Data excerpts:
------

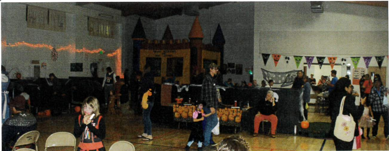
DURHAM VETERANS MEMORIAL HALL

Durham Veterans Memorial Hall: The Veterans Memorial Hall was built in 1957, and is host to the Durham American Legion Post No. 673 and the Durham American Legion Auxiliary for meetings and functions. The District assumed operations of the Hall in 1992. The District currently maintains and uses the Hall for District sponsored special events, programs, and meetings. The Memorial Hall consists of a kitchen, large meeting room, Legion meeting room, main floor and stage area, and is available for use by the public.
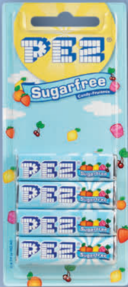
4-PACK BLISTER SUGARFREE FRUITMIX
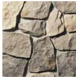
SPLITFACE Mansfield S4255-7
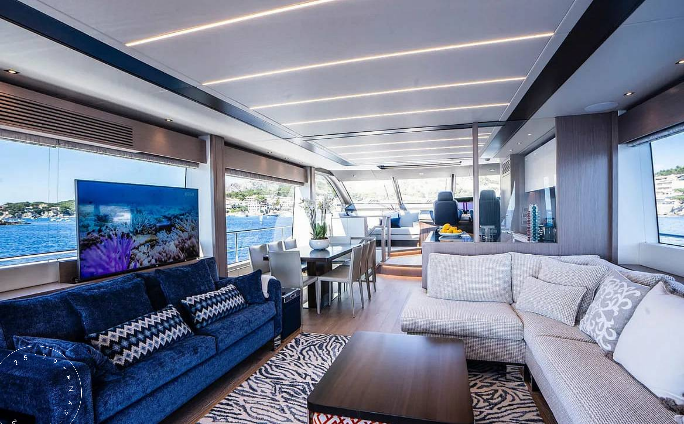
MAIN SALON LOUNGE AREA
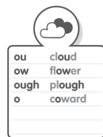
Extended Sound Box
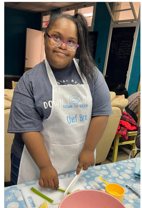
AWARENESS & OUTREACH
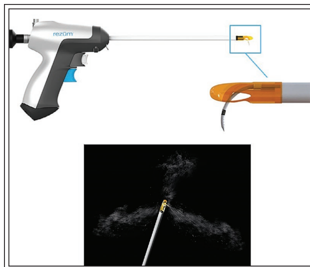
Figure 2. The Rezūm Delivery Device and Vapor Needle. The vapor needle resides within the insulated lumen of the delivery device until it is deployed into the prostate tissue. The hand-held control delivers water vapor providing a consistent energy dose into the prostate tissue through the retractable 18-gauge rigid plastic needle; saline flush irrigation enhances visualization and cools the urethral surface. The needle is flexible braided silicone tubing with 12 small emitter holes spaced around its tip at 120° intervals to allow a controlled, uniform circumferential dispersion of water vapor into the prostate tissue to create an approximate 1.5 cm-2 cm lesion. The insert shows the shaft with the needle deployed. Multiple thermal treatments are delivered with the retractable vapor needle. The length of needle that exits the shaft and penetrates the prostate is 10.25 mm in length.

Compared with a formal clinical trial, clinicians possess flexibility in patient selection based upon variable prostate sizes, symptom severity, flow rate, and no morphological limitations, including patients with an obstructing median lobe and/or enlarged central zone. 8 In general, any patient who is a candidate for a minimally invasive surgical therapy (MIST) is a candidate for Rezūm treatment. Compared with
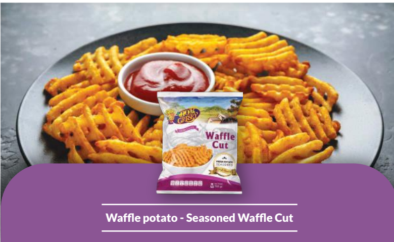
Waffle potato - Seasoned Waffle Cut
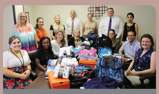
Teams getting things ready to deliver to their students
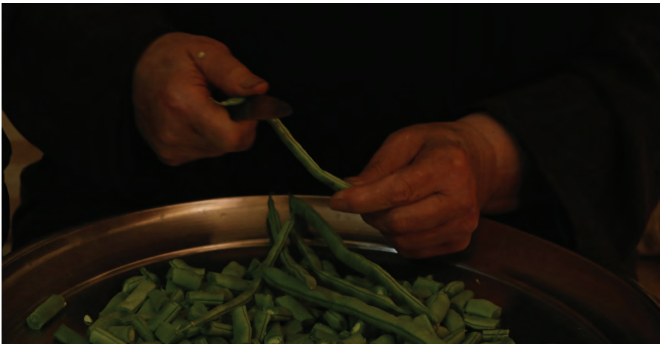
Preparing food in Baddawi camp

Indeed, a key factor emerging in such assumptions is precisely the extent to which Muslimness or religiosity is overexaggerated by external observers and becomes the overarching frame of reference, erasing recognition of not only the potential for, but reality of, solidarity across political lines.
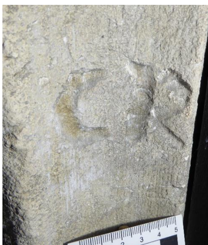
4 Initials CR on door frame at top of stairs

Modern graffiti is scratched into one of the concrete pillars next to the stage area, and more modern scratched initials, one set dating from the 1960s, are on the landing outside, around the window at the top of the stairs. Also in this area, deeply carved into the south side of the door frame, are the initials CR (Fig 4).
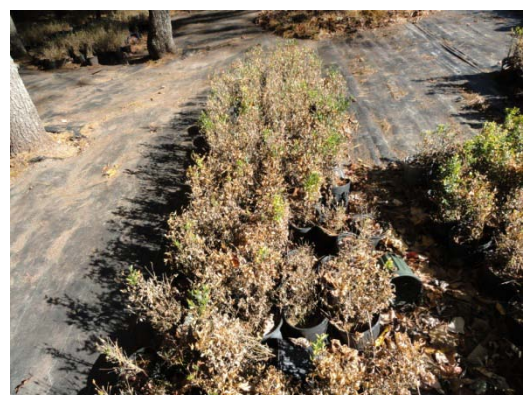
Figure 1: Defoliated boxwood crop, caused by C. buxicola .
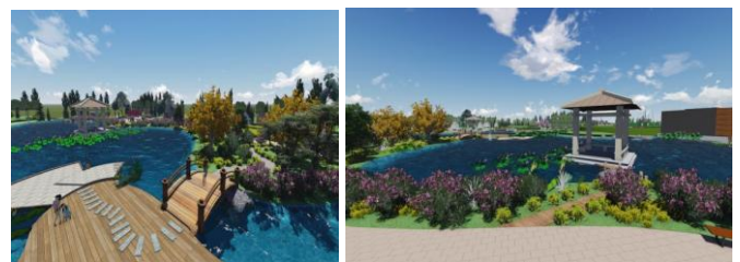
Fig. 5. Landscape road pavement figure

Rich techniques can be used in ground pavement because of the diversified road forms. For example, the wide roads in the center of the landscape use traditional simple pavement, while the landscape footpaths use wood and pebbles. The waterborne platforms use marble pavement to create a simple and natural atmosphere “Fig. 5”.
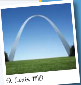
St. Louis, MO
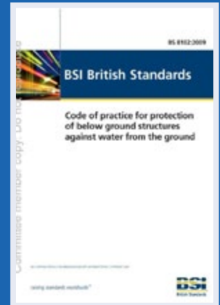
BS8102 'Code of Practice for Protection of Below Ground Structures Against Water From the Ground'

Newton provide waterproofing products for all 3 types of waterproofing defined within BS8102
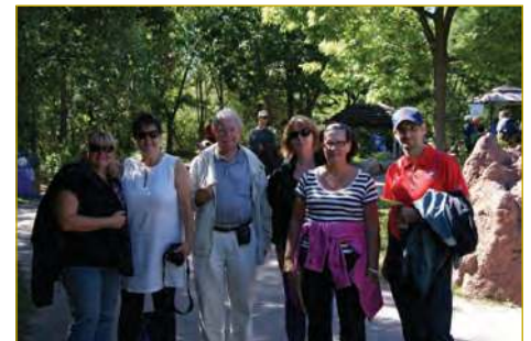
Zoo Walk 2013
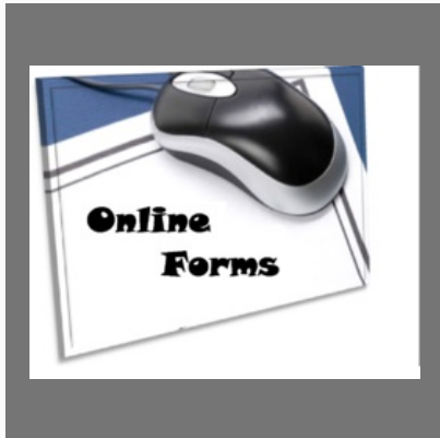
Customized Software Solutions
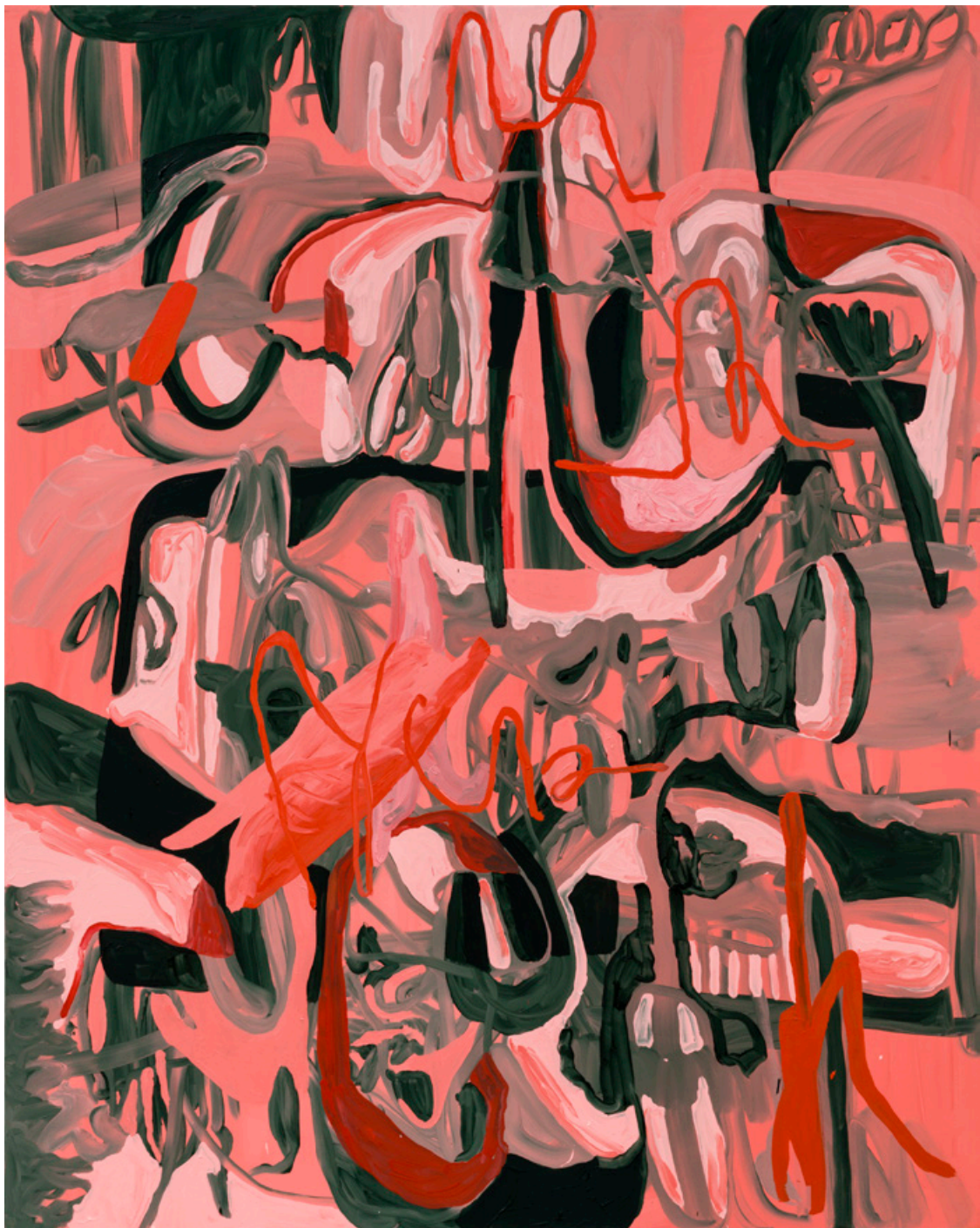
Jana Schröder Specshift CAM M1 , 2020 Oil on canvas 78 3/4 x 63 in 200 x 160 cm (JSR21.015)
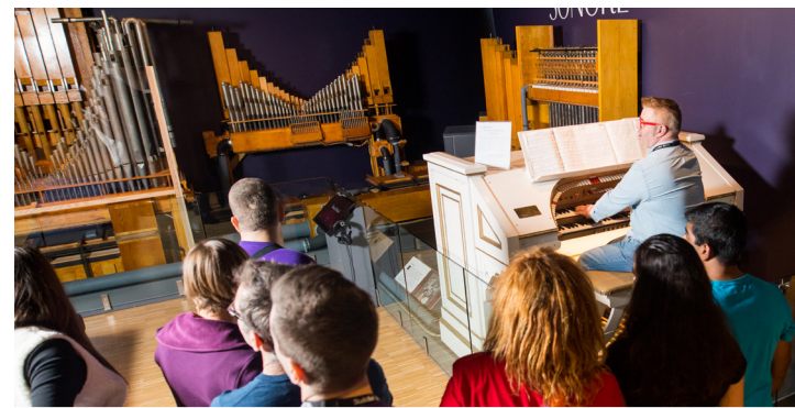
Book a private tour and demonstration of NMC's historic collection.
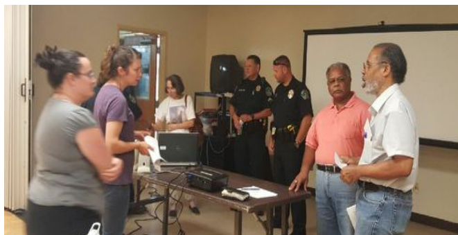
Above: Part three of the neighborhood watch training in 78744
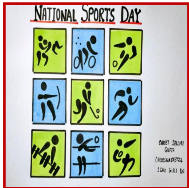
National Sports Day Celebration
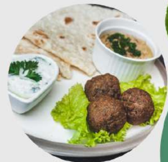
FALAFEL PITA CHICKPEAS HUMMUS & TZATZIKI 65K
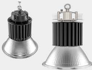
SHX GKL LED High Bay Light
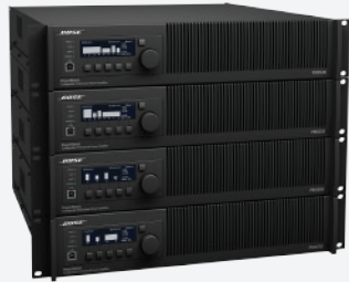
PowerMatch PM8500/8250/4500/4250 configurable power amplifiers
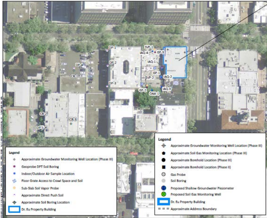
Figure 2 – Dr. Eu Buildings at western corner of East Santa Clara Street and S. Second Street, San Jose
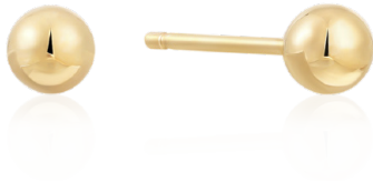
GEKF2891-G 14K Gold
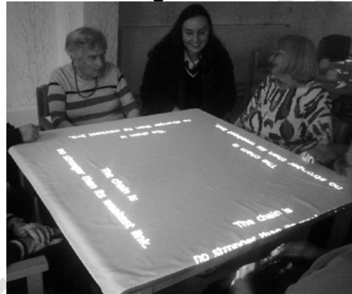
Cowbridge Comprehensive pupils participating in a Tovertafel activity with residents
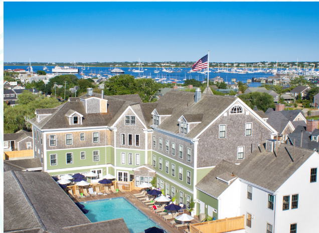
THE NANTUCKET HOTEL + RESORT NANTUCKET, MASSACHUSETTS
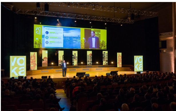
The Voka congress annually unites more than 1.000 entrepreneurs during a unique experience. The congress is one of the largest national activities for entrepreneurs in Flanders.

Various network activities in Flanders bring entrepreneurs closer to each other.
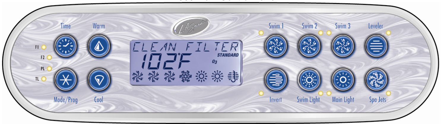
ML400 Auxiliary Control Panel
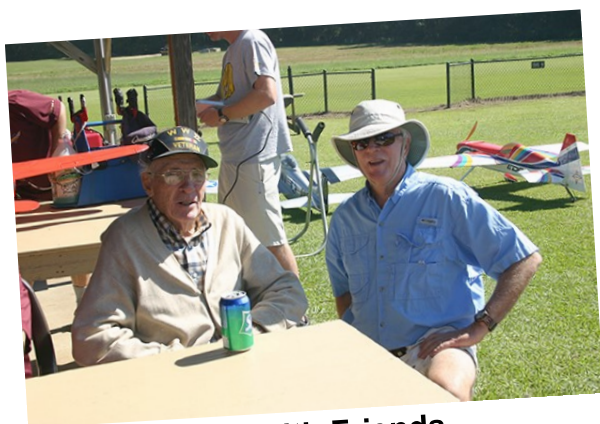
Time with Friends
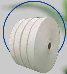
PE Coated Bottom Reels
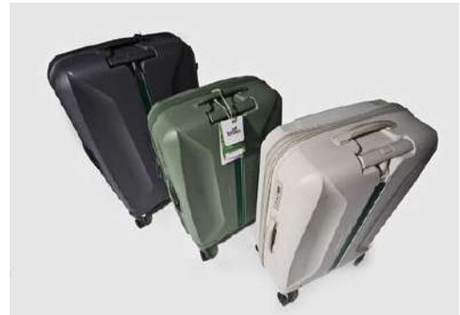
Hemp luggage, produced in EU

By now, everyone on earth is aware that, whilst plastic is tremendously useful, the sheer amount of this synthetic material in our lives has become an environmental problem both at sea and on land, with a demonstrable impact on our environment and ecosystem. Governments have begun to acknowledge this and there is a growing expectation amongst the citizens of Europe that there will be some form of intervention.
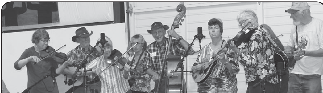
Fiddlers from all over Oregon jam on stage.
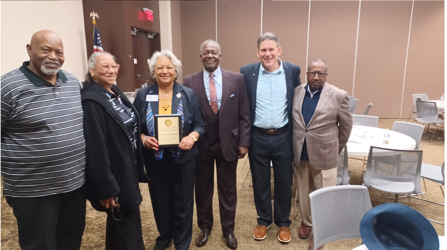
Posted by Darlene Daly April 2, 2025
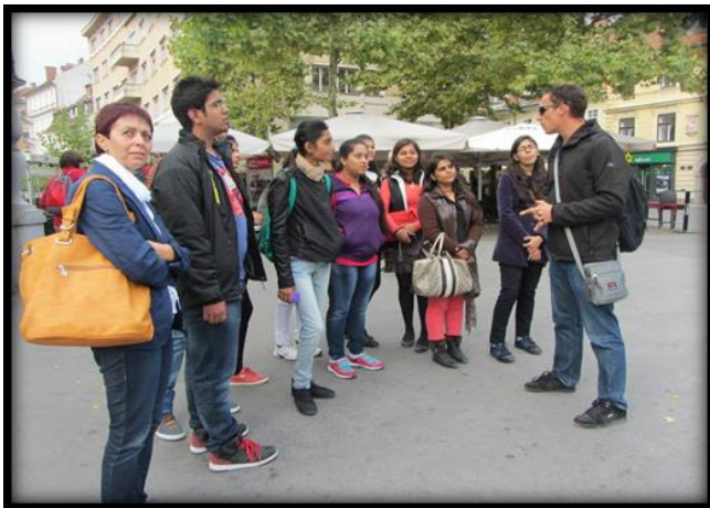
Knowing more about the city from our guide

We went to Ljubljana on the first day of our mini tour in the country. Ljubljana is the capital of Slovenia. It was the main attraction for conquerors like ROMANS and NAPOLEON. One could see the remains of world war and the devastating effect they had on the city. The city was renovated when a serious earthquake took place. The architecture is same to that of Venetian buildings.
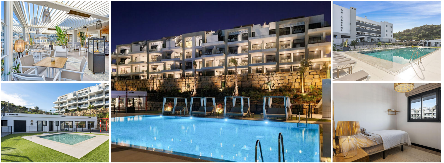
Luxurious 3-Bedroom Apartment in Hacienda del Sueño

Discover your dream home in the heart of the Costa del Sol at Hacienda del Sueño, a premier residential complex nestled between Málaga and Marbella.
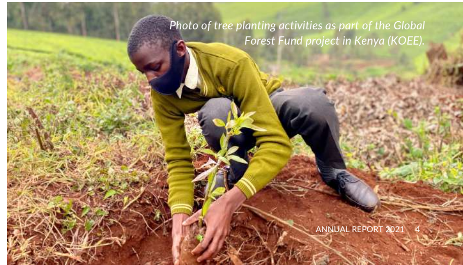
Photo of tree planting activities as part of the Global Forest Fund project in Kenya (KOE).

While the world began to slowly recover from the COVID-19 pandemic, 2021 was still a challenging year for many FEE member organisations, particularly those in the Global South. The COVID-19 pandemic further restricted resources to organisations dedicated to environmental education and ESD, despite the increasingly urgent need to address SDG 4: Quality Education. In response to these challenges, FEE established the FEE Regional African Network (FRAN) made up of representatives from FEE member organisations in Mauritius, Morocco, Cape Verde, Burundi, Ghana, South Africa, Zanzibar, Uganda, Madagascar and Denmark. The aim of the FRAN is to support capacity-building, share best practices and experiences and increase collaboration and financial resources available among the FEE members in Africa. In 2021, an initial meeting was held in 2021 to establish the structure and expected objectives of the FRAN, and bi-annual meetings will continue to be held in 2022.

------

Exercise details = Read the entries above, then pull out the lines that include "more".

Task output =
Modern graffiti is scratched into one of the concrete pillars next to the stage area, and more modern scratched initials, one set dating from the 1960s, are on the landing outside, around the window at the top of the stairs. Also in this area, deeply carved into the south side of the door frame, are the initials CR (Fig 4).
The Voka congress annually unites more than 1.000 entrepreneurs during a unique experience. The congress is one of the largest national activities for entrepreneurs in Flanders.
Knowing more about the city from our guide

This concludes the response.